### Source records
+===+

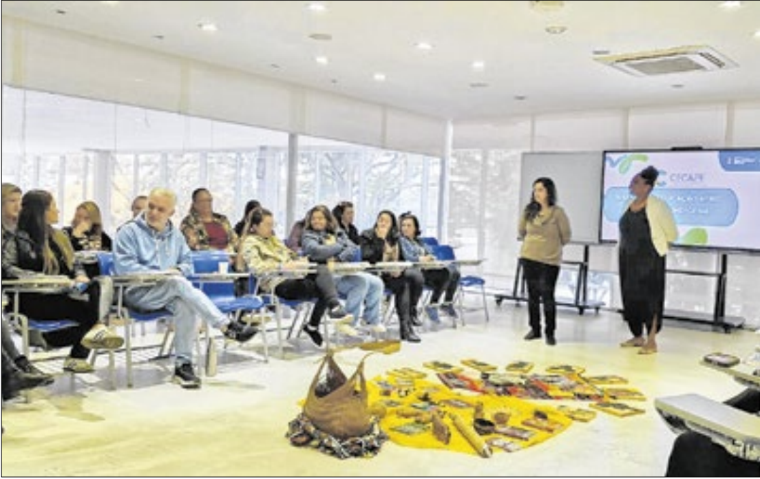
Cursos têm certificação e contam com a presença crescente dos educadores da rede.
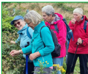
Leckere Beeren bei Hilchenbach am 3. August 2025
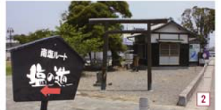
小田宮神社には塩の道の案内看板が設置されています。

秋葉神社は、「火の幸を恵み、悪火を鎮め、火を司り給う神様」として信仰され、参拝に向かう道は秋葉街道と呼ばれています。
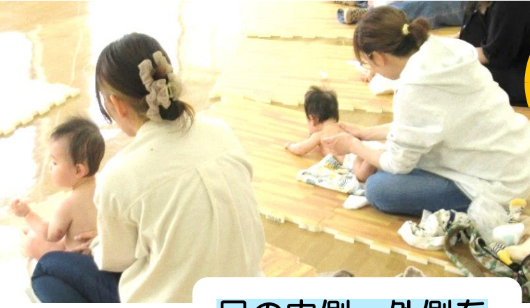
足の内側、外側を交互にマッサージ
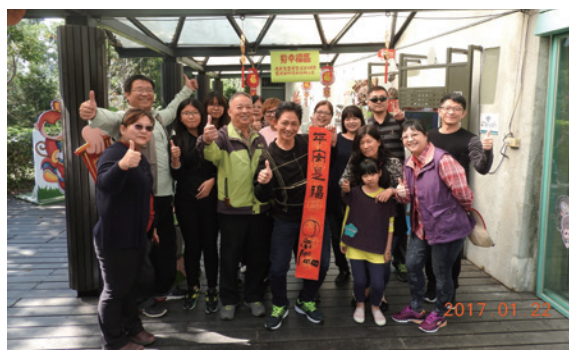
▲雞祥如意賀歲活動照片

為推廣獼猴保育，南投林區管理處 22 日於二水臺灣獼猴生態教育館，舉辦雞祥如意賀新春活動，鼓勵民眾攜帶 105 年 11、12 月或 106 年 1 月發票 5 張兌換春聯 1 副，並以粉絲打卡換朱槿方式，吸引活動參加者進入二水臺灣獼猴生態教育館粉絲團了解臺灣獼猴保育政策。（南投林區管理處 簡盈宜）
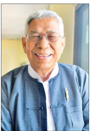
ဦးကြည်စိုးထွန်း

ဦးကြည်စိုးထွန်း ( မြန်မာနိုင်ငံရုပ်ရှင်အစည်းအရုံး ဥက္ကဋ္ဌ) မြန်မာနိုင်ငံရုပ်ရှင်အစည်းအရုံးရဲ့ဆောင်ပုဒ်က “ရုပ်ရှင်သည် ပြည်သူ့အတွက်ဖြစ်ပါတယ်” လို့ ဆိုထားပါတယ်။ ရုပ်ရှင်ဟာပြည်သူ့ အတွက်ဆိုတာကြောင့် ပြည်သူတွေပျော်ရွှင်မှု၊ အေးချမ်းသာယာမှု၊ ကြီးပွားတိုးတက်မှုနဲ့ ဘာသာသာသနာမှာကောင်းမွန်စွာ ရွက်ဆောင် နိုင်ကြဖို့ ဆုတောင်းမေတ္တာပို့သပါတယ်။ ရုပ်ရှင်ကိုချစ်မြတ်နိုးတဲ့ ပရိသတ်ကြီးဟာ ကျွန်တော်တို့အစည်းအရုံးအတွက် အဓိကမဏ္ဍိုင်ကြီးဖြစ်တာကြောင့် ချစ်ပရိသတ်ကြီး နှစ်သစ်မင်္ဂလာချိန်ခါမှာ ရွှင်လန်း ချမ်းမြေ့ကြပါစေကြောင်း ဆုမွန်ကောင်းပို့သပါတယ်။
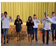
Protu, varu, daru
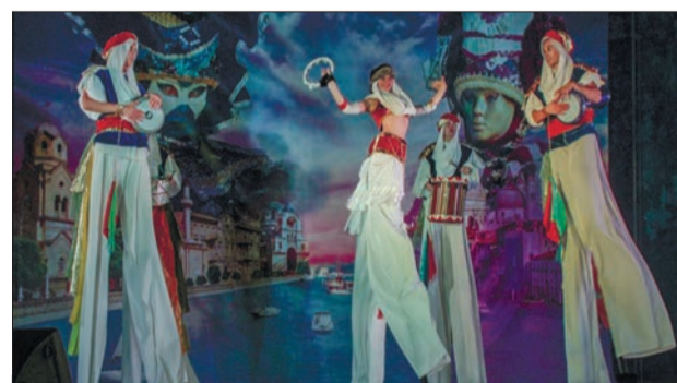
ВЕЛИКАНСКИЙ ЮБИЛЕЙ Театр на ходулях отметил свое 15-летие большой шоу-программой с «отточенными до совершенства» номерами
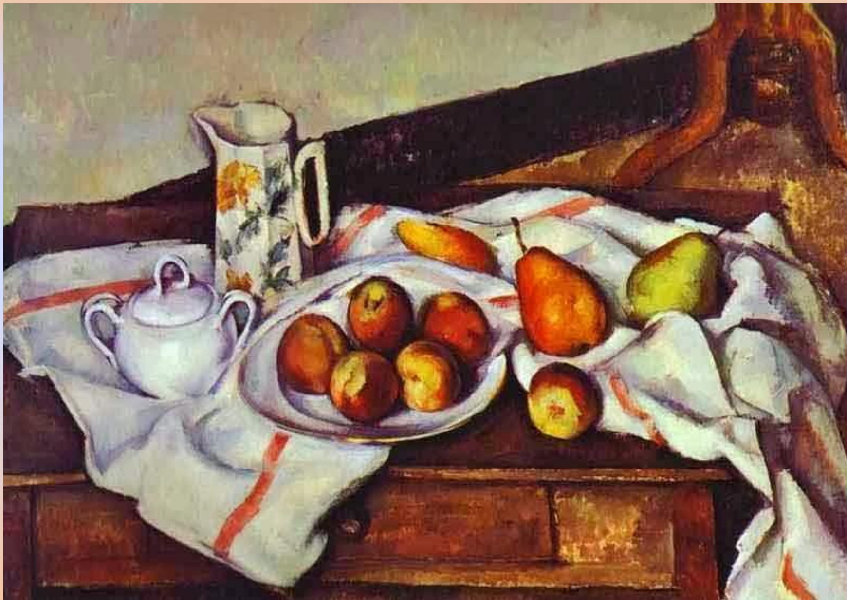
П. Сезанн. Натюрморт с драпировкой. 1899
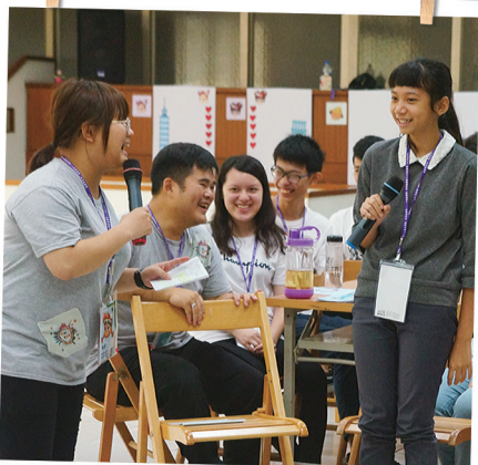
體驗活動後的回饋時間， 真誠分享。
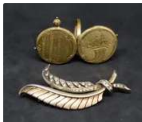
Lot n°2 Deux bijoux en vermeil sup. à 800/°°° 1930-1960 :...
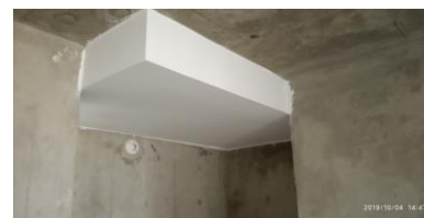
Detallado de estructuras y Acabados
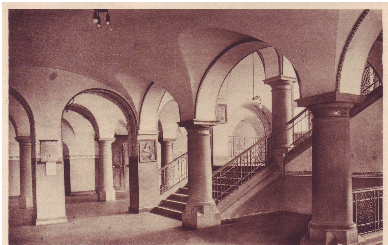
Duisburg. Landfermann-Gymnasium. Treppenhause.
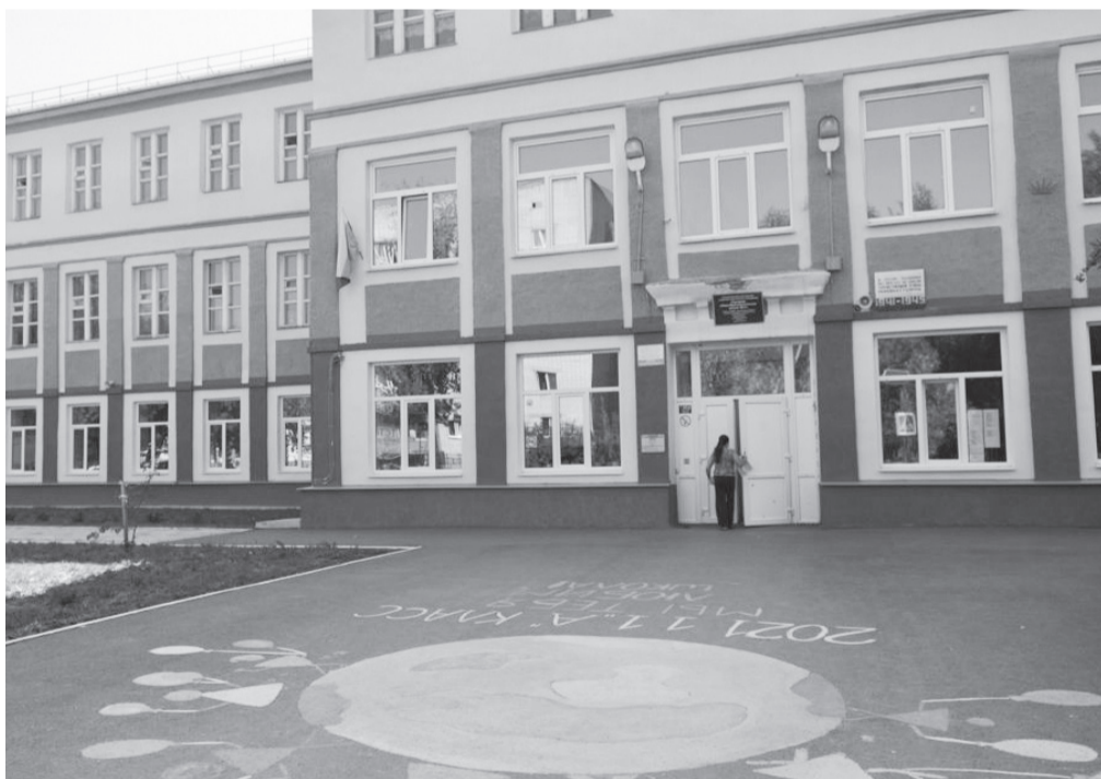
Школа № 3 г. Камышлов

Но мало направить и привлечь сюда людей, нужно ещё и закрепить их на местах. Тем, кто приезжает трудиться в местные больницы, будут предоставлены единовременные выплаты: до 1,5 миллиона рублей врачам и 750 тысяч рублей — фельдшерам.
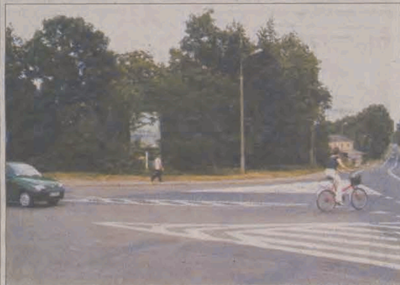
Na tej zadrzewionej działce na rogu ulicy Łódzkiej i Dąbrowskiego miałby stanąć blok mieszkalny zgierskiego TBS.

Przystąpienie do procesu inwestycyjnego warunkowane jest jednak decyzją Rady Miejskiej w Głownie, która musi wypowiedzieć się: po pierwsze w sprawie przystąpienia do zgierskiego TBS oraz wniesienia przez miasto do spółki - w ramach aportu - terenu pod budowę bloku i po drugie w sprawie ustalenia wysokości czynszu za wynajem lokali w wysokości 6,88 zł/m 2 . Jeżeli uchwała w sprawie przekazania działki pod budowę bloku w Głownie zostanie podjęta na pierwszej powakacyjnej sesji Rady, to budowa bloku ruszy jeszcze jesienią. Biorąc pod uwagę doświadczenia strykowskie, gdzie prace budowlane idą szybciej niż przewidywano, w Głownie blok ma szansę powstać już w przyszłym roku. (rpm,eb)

+===+

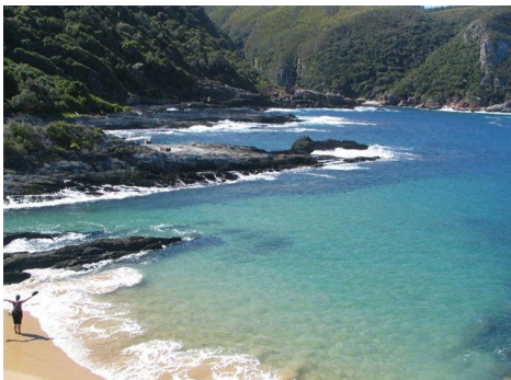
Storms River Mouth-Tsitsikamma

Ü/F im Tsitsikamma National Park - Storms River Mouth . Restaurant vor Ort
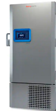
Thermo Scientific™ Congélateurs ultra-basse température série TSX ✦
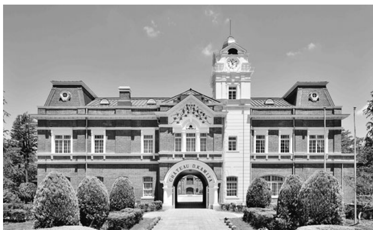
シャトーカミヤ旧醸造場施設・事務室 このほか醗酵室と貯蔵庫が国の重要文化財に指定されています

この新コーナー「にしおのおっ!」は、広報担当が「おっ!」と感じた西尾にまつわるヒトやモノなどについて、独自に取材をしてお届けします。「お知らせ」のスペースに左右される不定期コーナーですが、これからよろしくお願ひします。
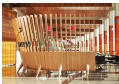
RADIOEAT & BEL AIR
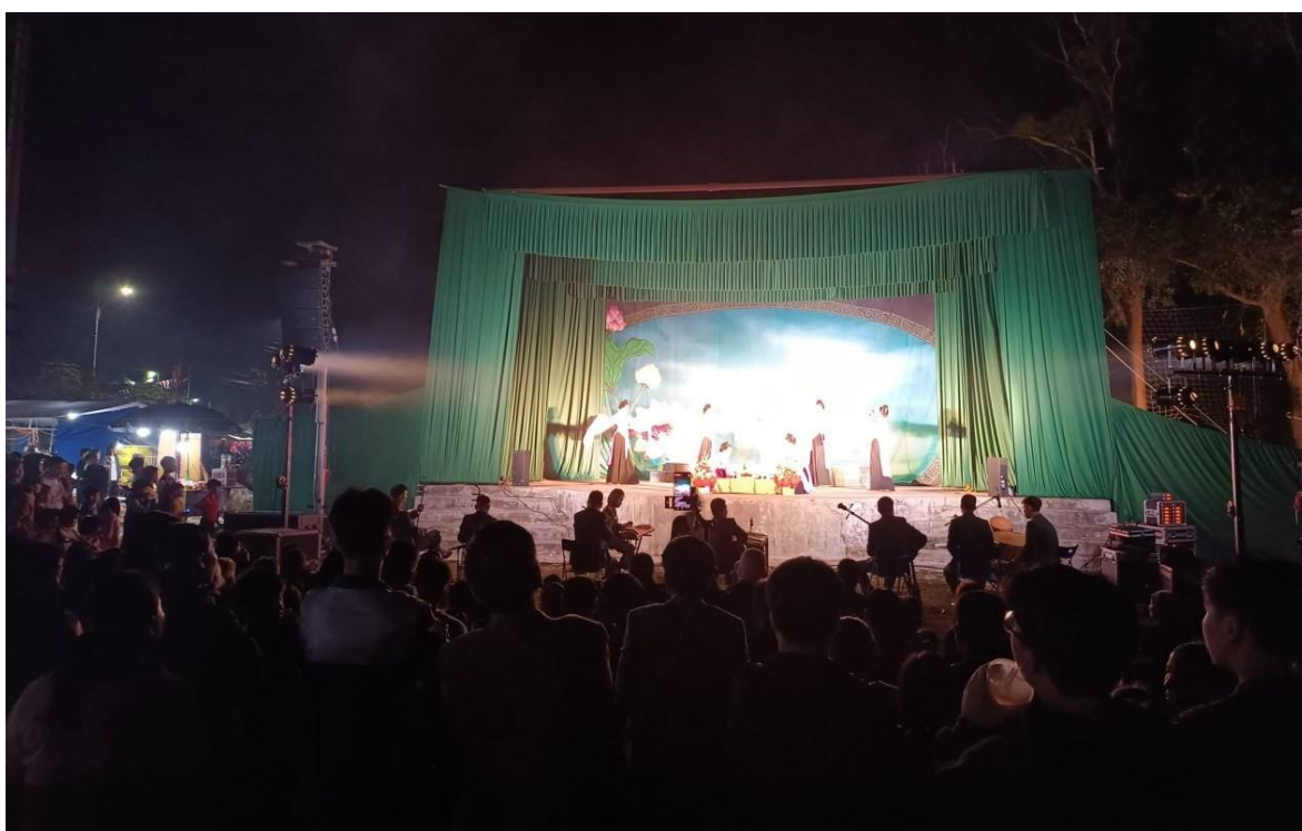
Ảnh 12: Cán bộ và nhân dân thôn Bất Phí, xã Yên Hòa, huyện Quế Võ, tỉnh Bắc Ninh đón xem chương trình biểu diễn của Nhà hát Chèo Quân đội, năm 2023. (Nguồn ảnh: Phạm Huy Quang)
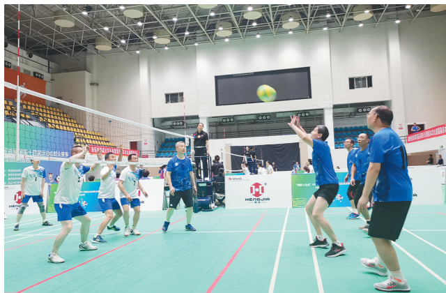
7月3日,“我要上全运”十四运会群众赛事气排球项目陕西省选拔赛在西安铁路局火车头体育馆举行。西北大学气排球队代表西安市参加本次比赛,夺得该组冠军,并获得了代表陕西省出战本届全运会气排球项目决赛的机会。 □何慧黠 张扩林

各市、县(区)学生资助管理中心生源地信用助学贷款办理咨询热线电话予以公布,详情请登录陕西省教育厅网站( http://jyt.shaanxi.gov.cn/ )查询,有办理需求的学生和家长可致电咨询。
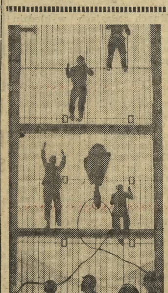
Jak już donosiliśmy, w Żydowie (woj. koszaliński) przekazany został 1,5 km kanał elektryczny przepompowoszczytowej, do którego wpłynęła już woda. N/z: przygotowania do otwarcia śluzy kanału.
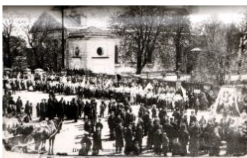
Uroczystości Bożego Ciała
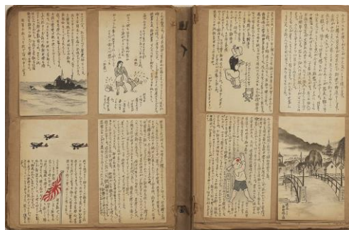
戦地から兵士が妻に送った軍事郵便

+===+

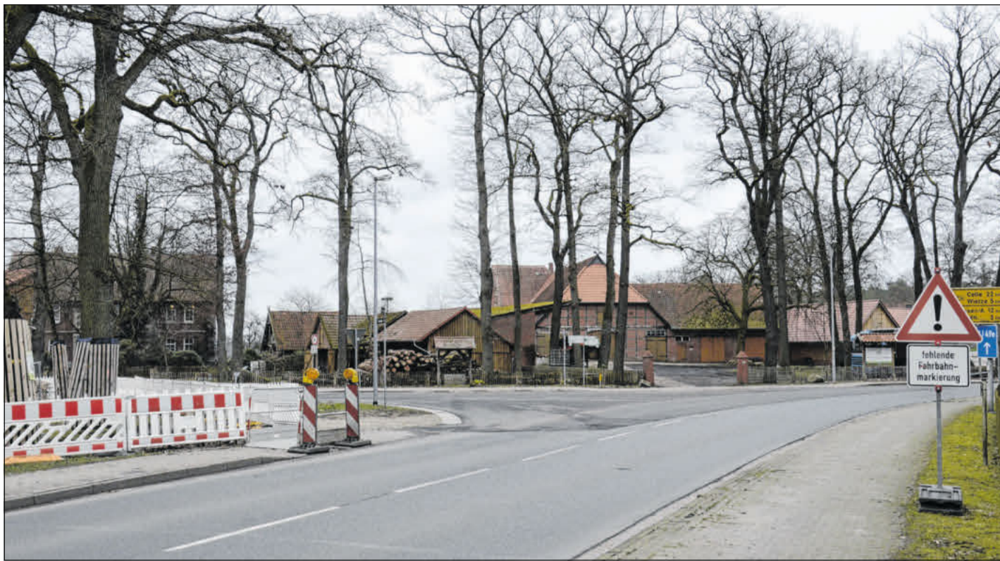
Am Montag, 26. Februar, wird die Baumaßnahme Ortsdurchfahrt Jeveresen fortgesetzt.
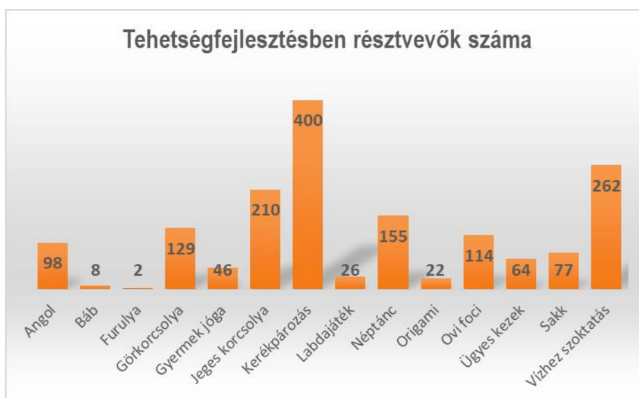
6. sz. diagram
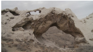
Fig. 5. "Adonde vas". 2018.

+===+

### Work request
Your reply should hold nothing but the lines above, from the one containing "Cursos têm certificação" to the one containing "Protu, varu, daru", reproduced exactly minus the pictures.

### Response box
Cursos têm certificação e contam com a presença crescente dos educadores da rede.
Leckere Beeren bei Hilchenbach am 3. August 2025
小田宮神社には塩の道の案内看板が設置されています。

秋葉神社は、「火の幸を恵み、悪火を鎮め、火を司り給う神様」として信仰され、参拝に向かう道は秋葉街道と呼ばれています。
足の内側、外側を交互にマッサージ
▲雞祥如意賀歲活動照片

為推廣獼猴保育，南投林區管理處 22 日於二水臺灣獼猴生態教育館，舉辦雞祥如意賀新春活動，鼓勵民眾攜帶 105 年 11、12 月或 106 年 1 月發票 5 張兌換春聯 1 副，並以粉絲打卡換朱槿方式，吸引活動參加者進入二水臺灣獼猴生態教育館粉絲團了解臺灣獼猴保育政策。（南投林區管理處 簡盈宜）
ဦးကြည်စိုးထွန်း

ဦးကြည်စိုးထွန်း ( မြန်မာနိုင်ငံရုပ်ရှင်အစည်းအရုံး ဥက္ကဋ္ဌ) မြန်မာနိုင်ငံရုပ်ရှင်အစည်းအရုံးရဲ့ဆောင်ပုဒ်က “ရုပ်ရှင်သည် ပြည်သူ့အတွက်ဖြစ်ပါတယ်” လို့ ဆိုထားပါတယ်။ ရုပ်ရှင်ဟာပြည်သူ့ အတွက်ဆိုတာကြောင့် ပြည်သူတွေပျော်ရွှင်မှု၊ အေးချမ်းသာယာမှု၊ ကြီးပွားတိုးတက်မှုနဲ့ ဘာသာသာသနာမှာကောင်းမွန်စွာ ရွက်ဆောင် နိုင်ကြဖို့ ဆုတောင်းမေတ္တာပို့သပါတယ်။ ရုပ်ရှင်ကိုချစ်မြတ်နိုးတဲ့ ပရိသတ်ကြီးဟာ ကျွန်တော်တို့အစည်းအရုံးအတွက် အဓိကမဏ္ဍိုင်ကြီးဖြစ်တာကြောင့် ချစ်ပရိသတ်ကြီး နှစ်သစ်မင်္ဂလာချိန်ခါမှာ ရွှင်လန်း ချမ်းမြေ့ကြပါစေကြောင်း ဆုမွန်ကောင်းပို့သပါတယ်။
Protu, varu, daru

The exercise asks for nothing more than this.